» Recorded data
···

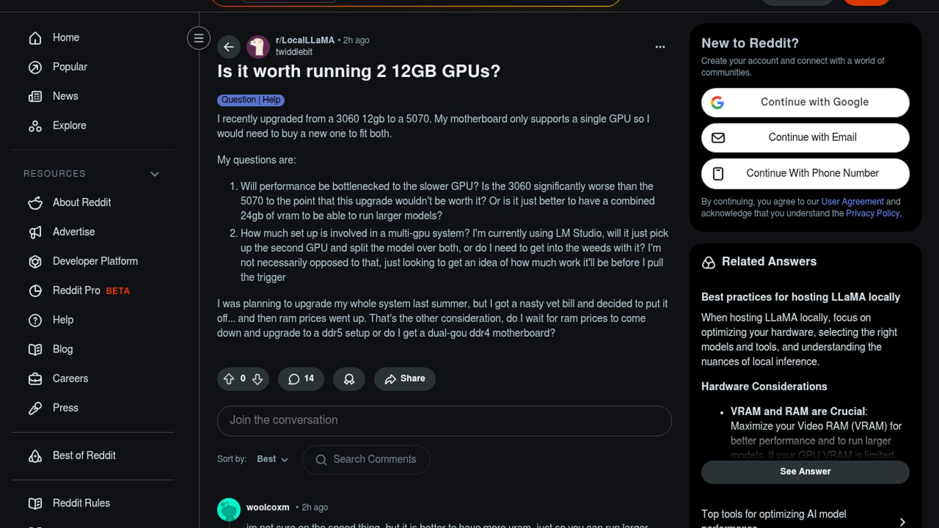 The Reddit post asks whether pairing an RTX 5070 with an RTX 3060 12GB is worth buying a new motherboard for local LLM work. The real question is whether LM Studio can use both cards cleanly enough to justify the extra hardware, or whether a single faster GPU and a bigger platform upgrade later makes more sense.
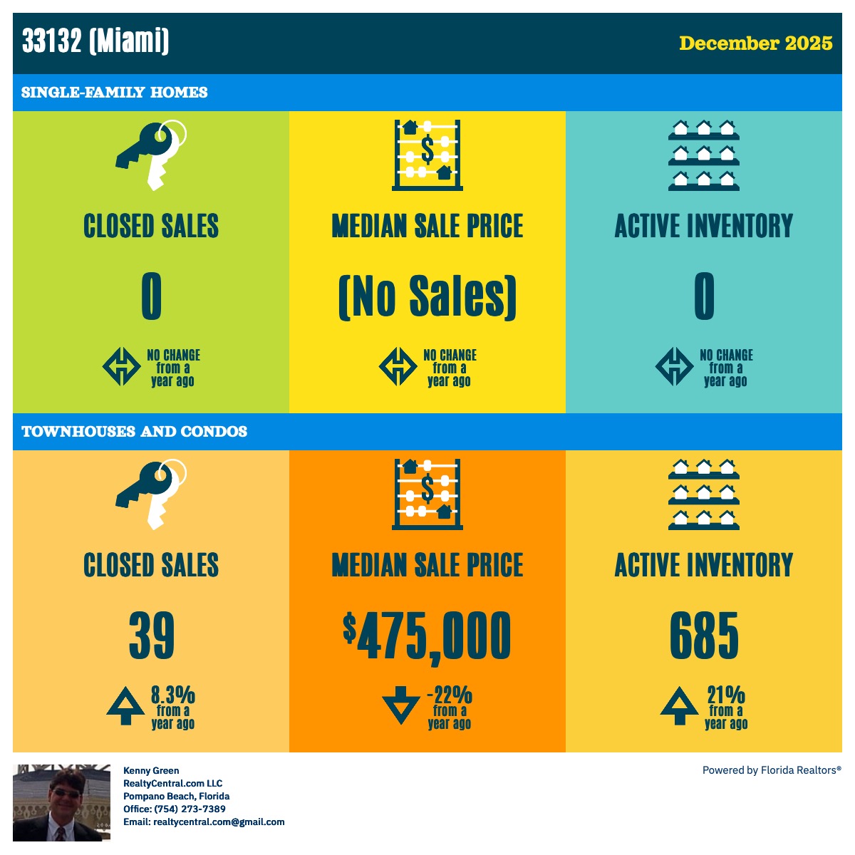 Real Estate Inventory for December 2025 in Zip Code 33132 at no change year over year for Single Family and up 21% year over year for Townhouse/Condos with Median Sale Prices at no change with no sales for Single Family and decreasing 22% with a Median Sale Price of $475,000 for Townhouse/Condo Sales for the same period.
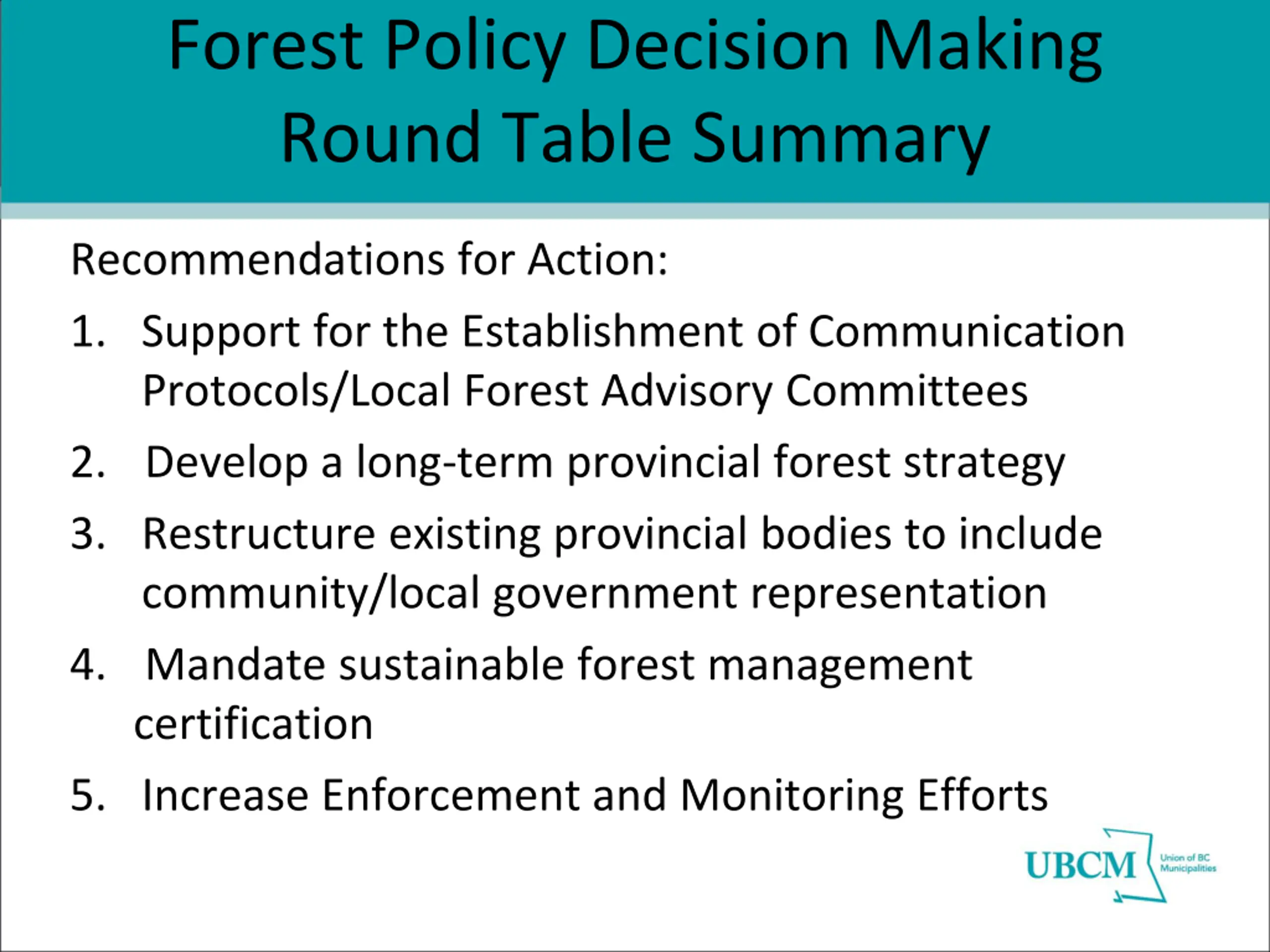 Forest Policy Decision Making Round Table Summary Recommendations for Action: 1. Support for the Establishment of Communication Protocols/Local Forest Advisory Committees 2. Develop a long-term provincial forest strategy 3. Restructure existing provincial bodies to include community/local government representation 4. Mandate sustainable forest management certification 5. Increase Enforcement and Monitoring Efforts

···

» Your goal
Leave the images out. Set down all of the material above exactly.

» Output of the task
 The Reddit post asks whether pairing an RTX 5070 with an RTX 3060 12GB is worth buying a new motherboard for local LLM work. The real question is whether LM Studio can use both cards cleanly enough to justify the extra hardware, or whether a single faster GPU and a bigger platform upgrade later makes more sense.
 Real Estate Inventory for December 2025 in Zip Code 33132 at no change year over year for Single Family and up 21% year over year for Townhouse/Condos with Median Sale Prices at no change with no sales for Single Family and decreasing 22% with a Median Sale Price of $475,000 for Townhouse/Condo Sales for the same period.
 Forest Policy Decision Making Round Table Summary Recommendations for Action: 1. Support for the Establishment of Communication Protocols/Local Forest Advisory Committees 2. Develop a long-term provincial forest strategy 3. Restructure existing provincial bodies to include community/local government representation 4. Mandate sustainable forest management certification 5. Increase Enforcement and Monitoring Efforts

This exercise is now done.